XVIII Festival de Danças Ucranianas – Cascavel-PR

Parabéns ao Grupo Sonhachnek pela excelente organização do festival. Percebeu-se uma ótima condução do evento e atenção para todos os detalhes.

As guias que acompanharam o Kalena e Zoriá foram extremamente atenciosas e simpáticas com o pessoal. As orientações ao grupo foram perfeitas e todas as solicitações atendidas.

O baile foi muito animado e não esqueceram as nossas kolomeikas!! As refeições e acomodações também estavam ótimas! Foi um grandioso evento!!

Reconhecemos todo o esforço para dar boas condições para os participantes! Parabéns a toda a comunidade ucraniana de Cascavel!

Para os próximos festivais:

Pensando no crescimento do evento, deixo como sugestão para a AJUB, entidade que coordena a realização dos festivais, a realização de um processo de avaliação dos grupos.

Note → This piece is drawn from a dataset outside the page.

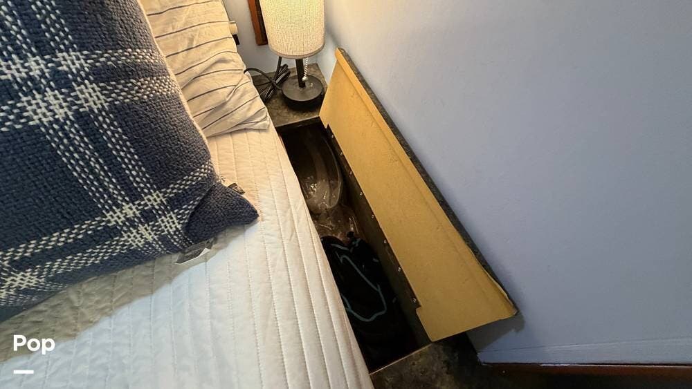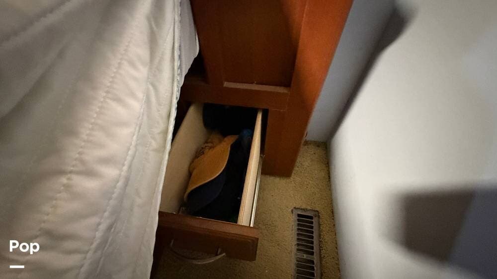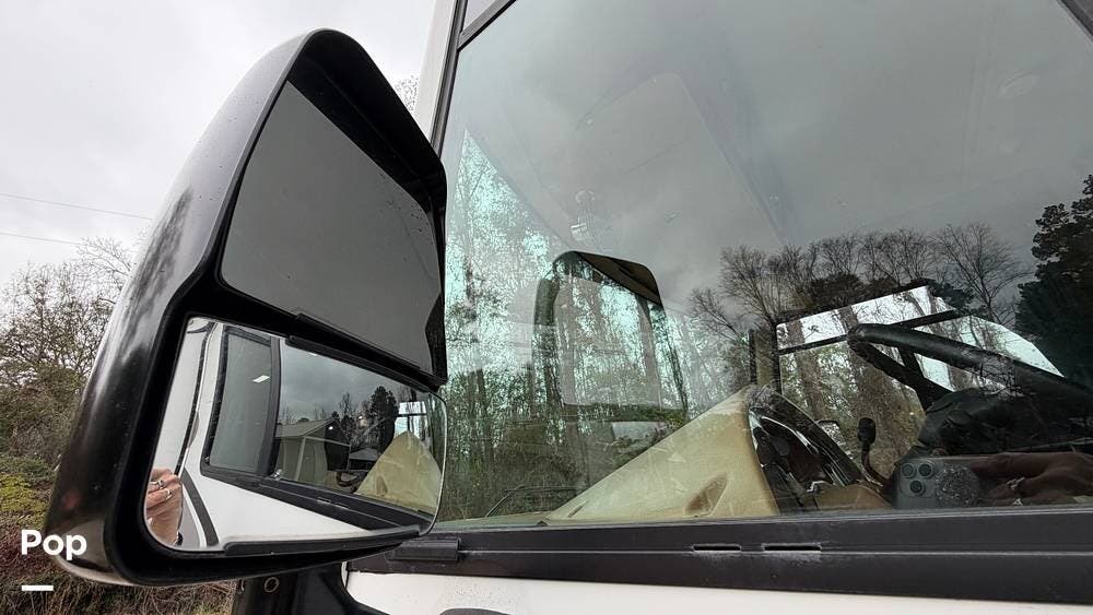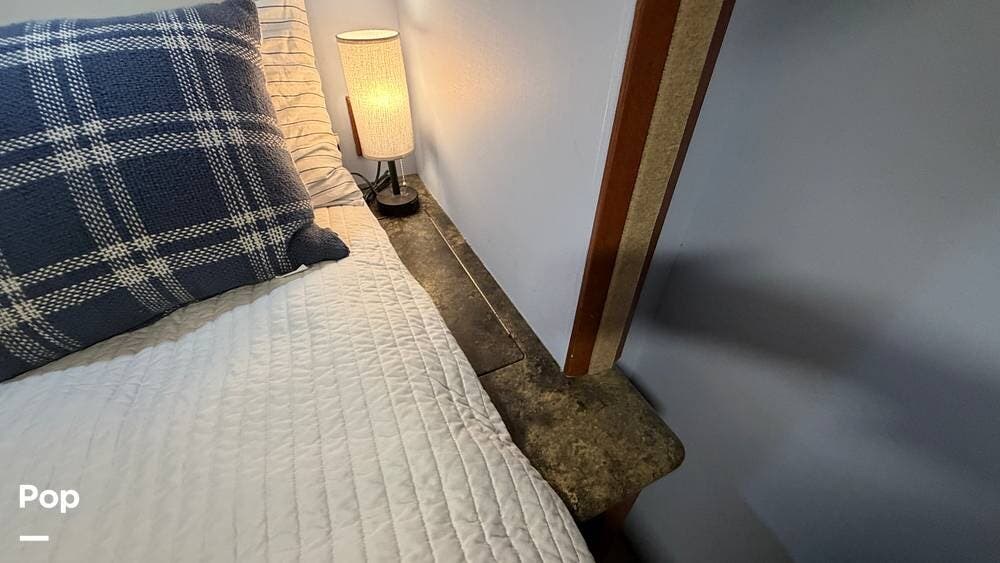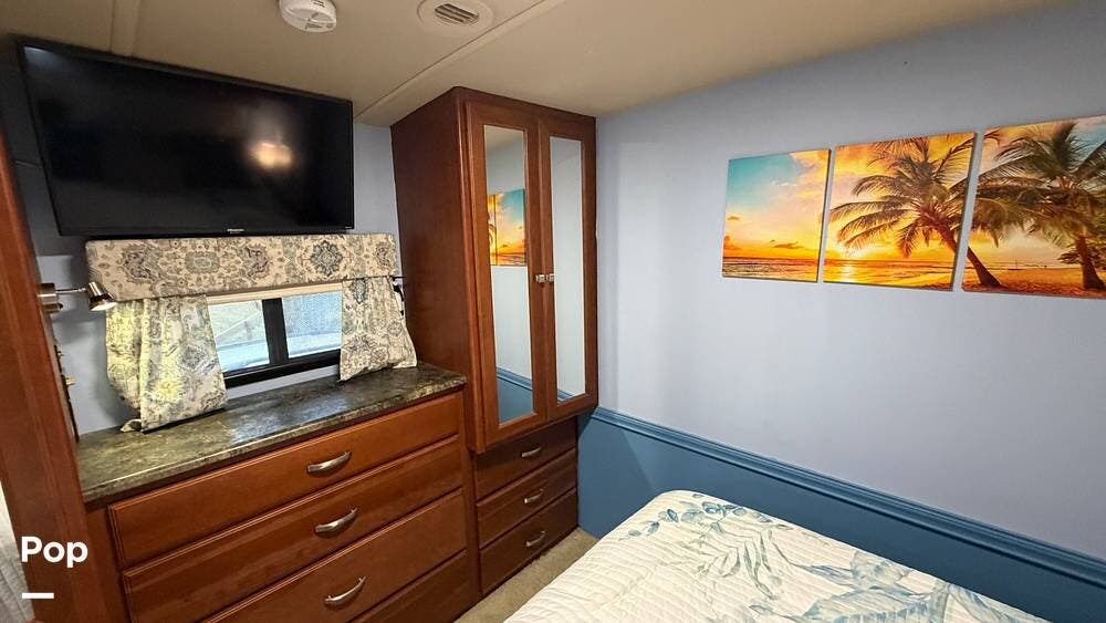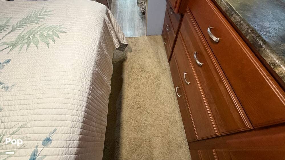 The private bedroom provides a restful retreat with abundant closet storage, while the well-appointed bathroom offers convenience and functionality for extended trips. Large windows bring in plenty of natural light, creating an inviting atmosphere throughout the coach.

Não seria um processo de classificação de grupos melhores ou piores, mas sim uma forma de sugestão aos coordenadores de cada grupo, direcionada para efetuar melhorias a cada ano.

A idéia primordial é valorizar as apresentações, as pesquisas de trajes, músicas, danças, evolução de cada grupo, e aparar arestas para que a cada ano tenhamos mais cuidado com o que estamos levando para o maior evento cultural da comunidade ucraniana no Brasil.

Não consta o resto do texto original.